[Problem to solve]
Within the entries below, find the portion that opens with the line containing "Matrices de madera utilizadas" and closes with the line containing "葛飾元気野菜を使ったお弁当の". Retype that portion exactly and only.

[Entries supplied]

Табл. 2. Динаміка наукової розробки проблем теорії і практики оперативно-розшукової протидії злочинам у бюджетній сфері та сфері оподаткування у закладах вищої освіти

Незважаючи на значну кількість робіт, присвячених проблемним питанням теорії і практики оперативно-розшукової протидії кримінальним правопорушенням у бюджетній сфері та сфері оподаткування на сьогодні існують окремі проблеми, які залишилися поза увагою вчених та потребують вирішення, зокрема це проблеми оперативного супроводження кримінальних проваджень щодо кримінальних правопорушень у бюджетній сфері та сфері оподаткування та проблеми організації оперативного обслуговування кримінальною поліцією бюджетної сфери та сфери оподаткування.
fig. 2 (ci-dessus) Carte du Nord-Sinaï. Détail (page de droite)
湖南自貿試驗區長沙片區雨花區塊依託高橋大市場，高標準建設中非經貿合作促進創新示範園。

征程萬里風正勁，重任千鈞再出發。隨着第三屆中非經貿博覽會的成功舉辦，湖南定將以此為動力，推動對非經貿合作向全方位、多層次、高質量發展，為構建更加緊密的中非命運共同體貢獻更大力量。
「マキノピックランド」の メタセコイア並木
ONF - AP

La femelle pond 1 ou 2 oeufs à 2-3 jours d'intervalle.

==

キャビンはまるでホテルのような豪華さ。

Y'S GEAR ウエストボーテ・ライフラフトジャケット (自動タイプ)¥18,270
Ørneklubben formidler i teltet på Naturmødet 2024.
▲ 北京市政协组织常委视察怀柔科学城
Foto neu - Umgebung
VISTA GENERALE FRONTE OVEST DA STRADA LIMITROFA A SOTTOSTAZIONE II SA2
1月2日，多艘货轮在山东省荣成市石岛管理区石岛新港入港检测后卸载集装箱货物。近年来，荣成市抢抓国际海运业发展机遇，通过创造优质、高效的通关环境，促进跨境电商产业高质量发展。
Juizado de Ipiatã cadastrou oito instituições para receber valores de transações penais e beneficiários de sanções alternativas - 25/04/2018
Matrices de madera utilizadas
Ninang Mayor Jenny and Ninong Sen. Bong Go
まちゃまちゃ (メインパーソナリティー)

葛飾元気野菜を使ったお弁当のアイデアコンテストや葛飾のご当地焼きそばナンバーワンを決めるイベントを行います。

---

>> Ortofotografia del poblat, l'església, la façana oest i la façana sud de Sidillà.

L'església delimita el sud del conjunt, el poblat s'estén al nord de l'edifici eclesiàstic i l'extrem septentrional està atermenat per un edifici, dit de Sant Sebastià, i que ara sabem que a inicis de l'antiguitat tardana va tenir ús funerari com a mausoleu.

[Your response]
Matrices de madera utilizadas
Ninang Mayor Jenny and Ninong Sen. Bong Go
まちゃまちゃ (メインパーソナリティー)

葛飾元気野菜を使ったお弁当のアイデアコンテストや葛飾のご当地焼きそばナンバーワンを決めるイベントを行います。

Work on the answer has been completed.